* [Problem requirements]: Return the data below unchanged. Drop any pictures.

* [Data shown]:
^^^^

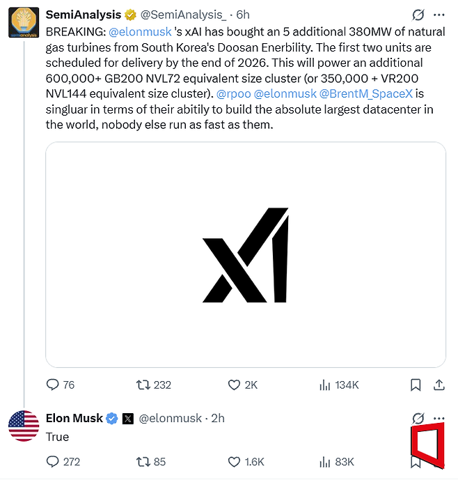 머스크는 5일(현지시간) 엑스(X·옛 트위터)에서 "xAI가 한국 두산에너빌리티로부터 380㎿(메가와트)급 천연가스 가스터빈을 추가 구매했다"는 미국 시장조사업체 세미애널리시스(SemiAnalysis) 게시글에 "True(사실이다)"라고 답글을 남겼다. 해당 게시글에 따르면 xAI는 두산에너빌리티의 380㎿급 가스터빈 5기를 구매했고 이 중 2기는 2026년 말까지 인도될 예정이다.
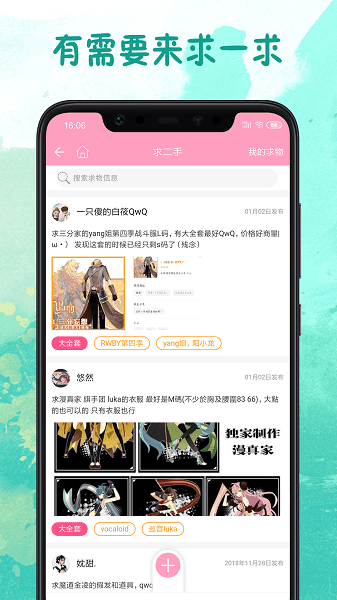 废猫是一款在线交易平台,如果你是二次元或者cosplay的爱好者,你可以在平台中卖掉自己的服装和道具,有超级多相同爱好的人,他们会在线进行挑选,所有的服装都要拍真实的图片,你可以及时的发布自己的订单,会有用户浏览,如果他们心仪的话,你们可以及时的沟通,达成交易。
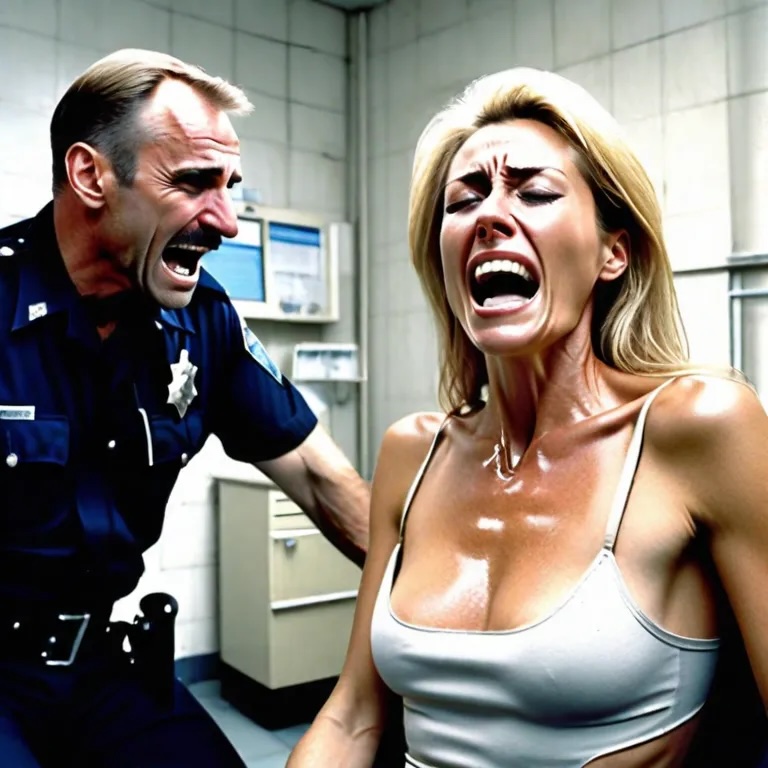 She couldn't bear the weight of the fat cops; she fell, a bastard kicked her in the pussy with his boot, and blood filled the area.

^^^^

* [Solution to this problem]:
 머스크는 5일(현지시간) 엑스(X·옛 트위터)에서 "xAI가 한국 두산에너빌리티로부터 380㎿(메가와트)급 천연가스 가스터빈을 추가 구매했다"는 미국 시장조사업체 세미애널리시스(SemiAnalysis) 게시글에 "True(사실이다)"라고 답글을 남겼다. 해당 게시글에 따르면 xAI는 두산에너빌리티의 380㎿급 가스터빈 5기를 구매했고 이 중 2기는 2026년 말까지 인도될 예정이다.
 废猫是一款在线交易平台,如果你是二次元或者cosplay的爱好者,你可以在平台中卖掉自己的服装和道具,有超级多相同爱好的人,他们会在线进行挑选,所有的服装都要拍真实的图片,你可以及时的发布自己的订单,会有用户浏览,如果他们心仪的话,你们可以及时的沟通,达成交易。
 She couldn't bear the weight of the fat cops; she fell, a bastard kicked her in the pussy with his boot, and blood filled the area.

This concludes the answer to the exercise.